Below this line is a set of entries; quote exactly the lines from the line that contains "ピシッとした建物を前に、アシ" to the line that contains "Acto seguido, un", both lines included.

## Data to process
####
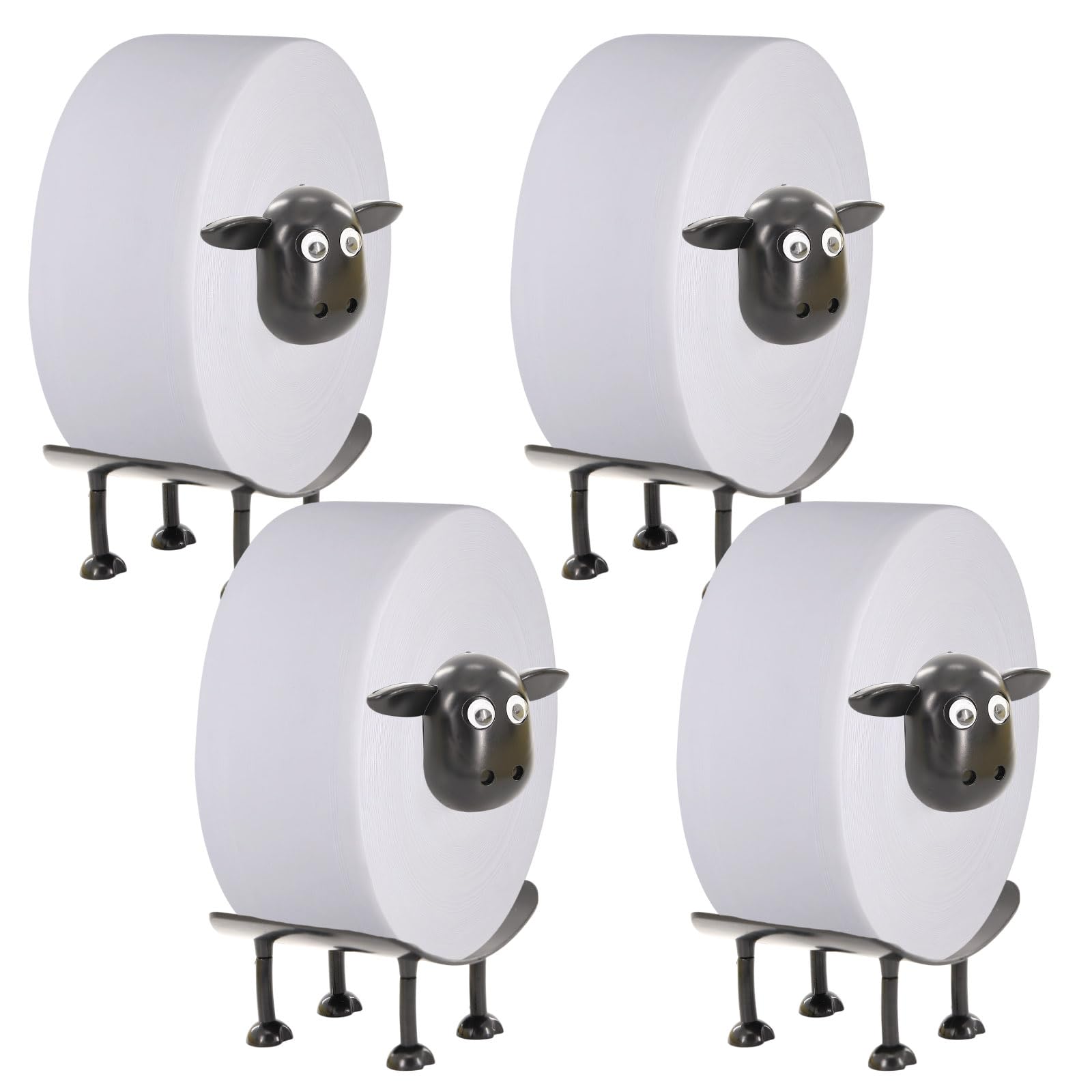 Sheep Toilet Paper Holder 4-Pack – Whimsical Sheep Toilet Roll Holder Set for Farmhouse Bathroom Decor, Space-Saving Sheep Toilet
####
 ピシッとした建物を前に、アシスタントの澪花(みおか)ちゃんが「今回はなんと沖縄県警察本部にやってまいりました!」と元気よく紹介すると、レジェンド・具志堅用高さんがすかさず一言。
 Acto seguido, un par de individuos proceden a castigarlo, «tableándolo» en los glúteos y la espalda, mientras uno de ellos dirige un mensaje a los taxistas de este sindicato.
####
## The answer
 ピシッとした建物を前に、アシスタントの澪花(みおか)ちゃんが「今回はなんと沖縄県警察本部にやってまいりました!」と元気よく紹介すると、レジェンド・具志堅用高さんがすかさず一言。
 Acto seguido, un par de individuos proceden a castigarlo, «tableándolo» en los glúteos y la espalda, mientras uno de ellos dirige un mensaje a los taxistas de este sindicato.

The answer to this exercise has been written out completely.